Friday, June 08, 2007

Cuts in Community Support beginning: Adult MH, in particular, affected; Contracts and MH delivery

I was talking to a major Endorsed Provider of children's services in Haywood county. That company is set up such that it has a contract with the county school system in order to provide services for behavior-problem kids (who have DSM diagnoses, quite probably: these are therefore Medicaid children, for the most part).

Carry-over as associated with CS (Community Support) will move over into the home. When in school, the children are pulled out of the classroom in order to obtain services---something that seemed to make sense to that provider re: the fact that they would have been experiencing behavioral difficulties anyway. In other words, the CS workers are there, in the school, and the reason they are able to be there is associated with this contract. So, it is assured money, from what I understand, that has created stability for this company.

It seems to me that contracted services might very well be the way to go. Smoky MOuntain Center LME contracted state funded MH client services to Meridian Behavioral Health more than a year ago. This has made it next to impossible for state funded clients (adults, for the most part; children can obtain Medicaid) to receive anything other than the group services which are cohort run. That's a contract that to my mind, does not look as useful as the first matter.

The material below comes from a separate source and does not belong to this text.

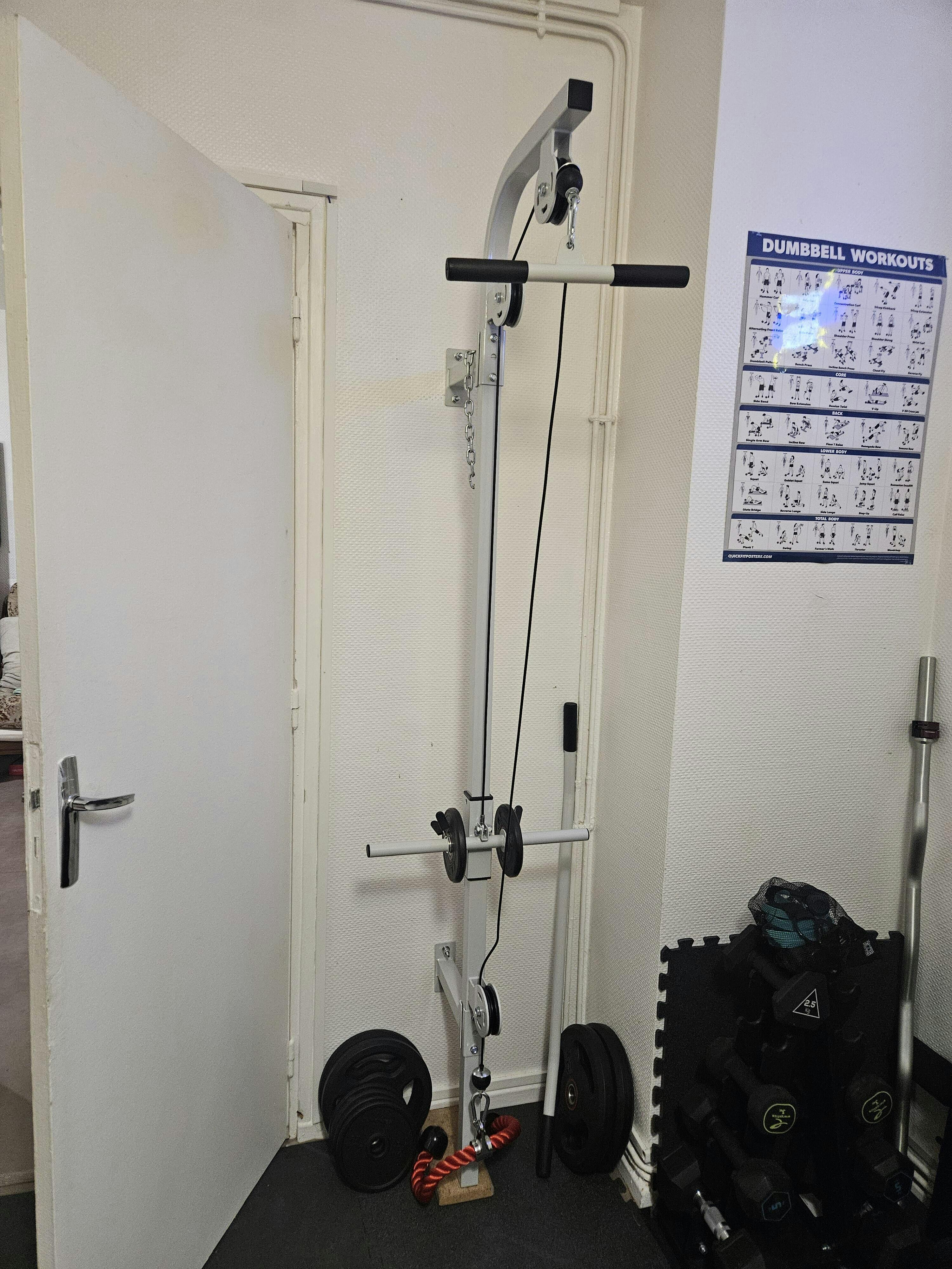 - Comprend un tirage latéral et une barre à triceps

More on the news services coverage of what the cutting in $$$ means to MH across NC:

http://www.carrborocitizen.com/main/2007/06/07/mental-health-care-reductions-take-effect/#comment-1188

Marsha V. Hammond, PhD: Licensed Psychologist
NC Mental Health Reform blogsite:
http://madame-defarge.blogspot.com/

1. Hooker Odom’s DHHS created ‘Service Definitions’ which are engraved-in-stone guides to Mental Health Services . The Service Definition associated with Community Support (CS) stated NOTHING about CS providers being master’s degree practitioners. There were no non-high school graduates acting in such roles.

2. Emergency Services have been cut (& bear in mind that CS services are emergency services also re: contact w/ clients being available 24/7). At the same time that psychiatric beds have significantly been cut and hospitals have been closed or are about to be closed (Dix), there is also a cut in these emergency services.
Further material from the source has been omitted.